Pan-European network of former leaders publishes recommendations for de-escalating NATO-Russia military risks

7 December 2020

Against a backdrop of deteriorating NATO-Russia relations the European Leadership Network (ELN)—an independent, non-partisan, pan-European network of nearly 300 past, present and future European leaders working to provide better security for a wider Europe—has supported an extended series of detailed senior expert discussions led by ELN members Sergey Rogov and Alexey Gromyko on how NATO and Russia might reduce the risk of inadvertent conflict.

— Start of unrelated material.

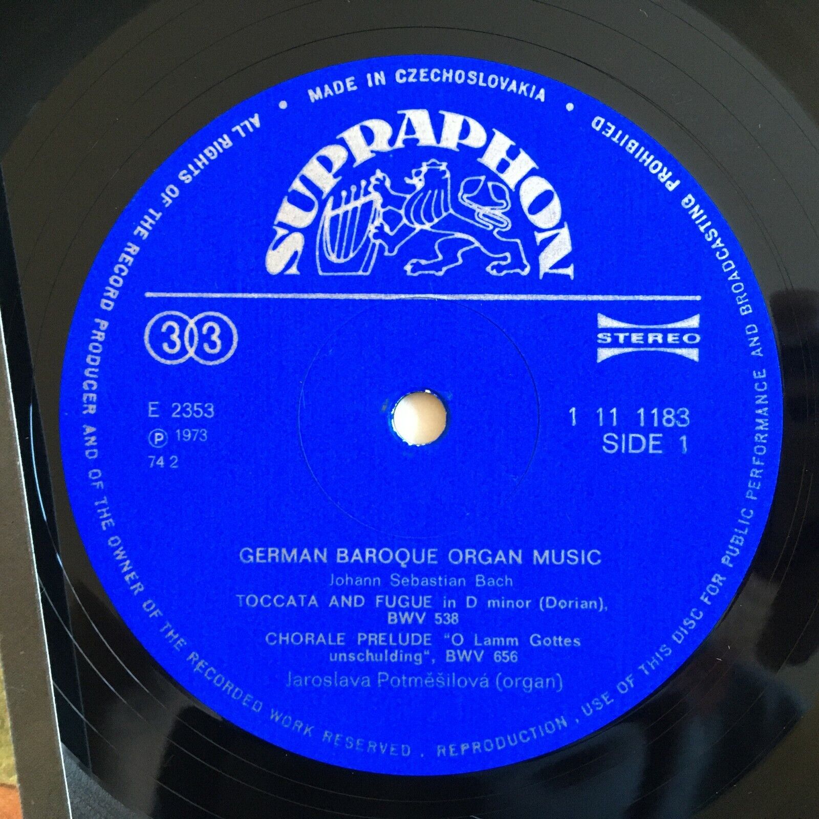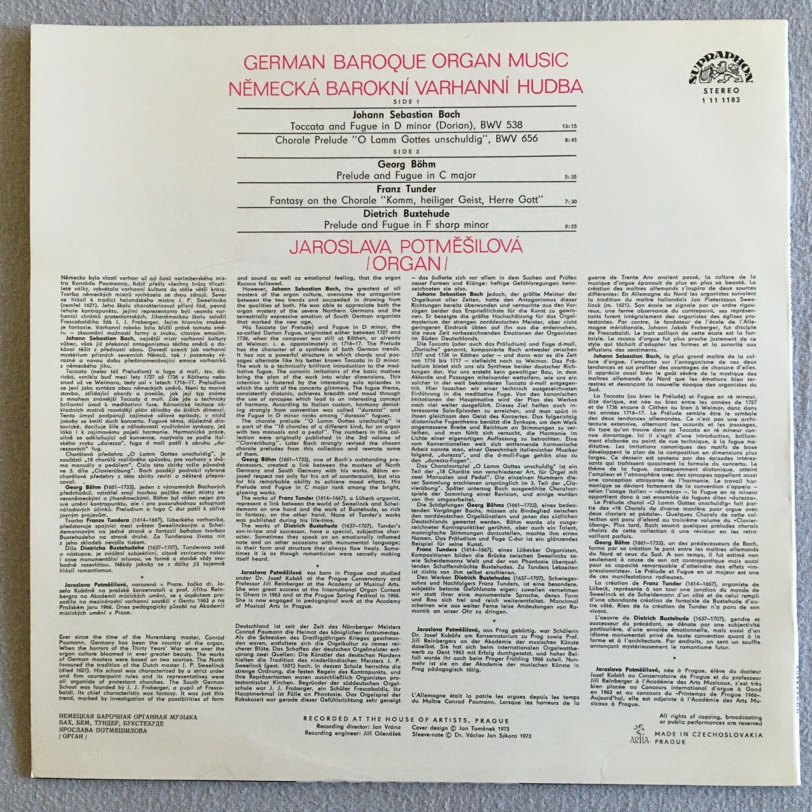 V006 German Baroque Organ Music Bach Bohm Potmesilova Supraphon 1 11 1183 Stereo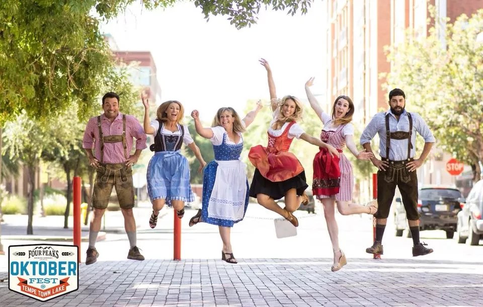 Jumping for joy for the 49th Four Peaks Oktoberfest at Tempe Town Lake.

The expert group of some 30 people including retired diplomats and military officers from the United States, Russia and Europe produced the document, Recommendations of the Participants of the Expert Dialogue on NATO-Russia Military Risk Reduction in Europe. While members of the group differed over the root causes of the current crisis, they share a common concern that as tension builds between Russia and NATO, there is a growing danger of a real military confrontation. The recommendations are signed by 145 people from 20 countries, with the caveat that signatories agree with most but not necessarily all of them..

In addition to calling for immediate action to extend the NEW START Treaty for five years, the report calls on leaders in the US, Russia and Europe to demonstrate the political will necessary to take a number of urgent actions in order to reduce the risks of military conflict. These urgent actions include:

  1. Re-establishing practical dialogue between Russia and NATO, including direct contacts between the military commanders and experts of Russia and NATO member states.
  2. Developing common rules that will reduce the risk of unintended incidents on land, air and sea.
  3. Enhancing stability by increasing transparency, avoiding dangerous military activities, and providing dedicated communication channels that would avoid escalation of incidents that might occur.
  4. Utilizing (and possibly supplementing) the 1997 NATO-Russia Founding Act to codify restraint, transparency and confidence-building measures.
  5. Exploring possible limitations on NATO and Russian conventional force deployments in Europe to enhance transparency and stability.
  6. Establishing consultations between Russia and US/NATO on the topics of intermediate-range missiles and ballistic missile defence, in order to prevent a new nuclear missile race in Europe.
  7. Preserving the Open Skies Treaty.

Some of the ELN’s recommendations mirror, at least in principle, a few of those contained in the much more wide-ranging expert report commissioned by the NATO Secretary General, and published last week (see NATO Watch News Brief, 6 December). The main message of that report, however, was that NATO has to adapt itself for an era of strategic rivalry with Russia and China. While it argues for a continuation of the dual-track approach of deterrence and dialogue with Russia, the overwhelming emphasis appears to be on the former rather than the latter. In terms of dialogue, it says that “NATO should remain open to discussing peaceful co-existence and to react positively to constructive changes in Russia's posture and attitude”, which seems to suggest that the onus lies on Russia to change the status quo. Nonetheless, the NATO report (like the ELN report) also calls on the alliance to “continue to develop de-confliction and confidence-building measures” with Russia. Overall, however, the tone and direction of the NATO report appears less neutral, for example, it seeks to evolve the dual-track strategy in order to “preserve cohesion within NATO while providing a prospect for breaking the stalemate with Russia on NATO’s terms”.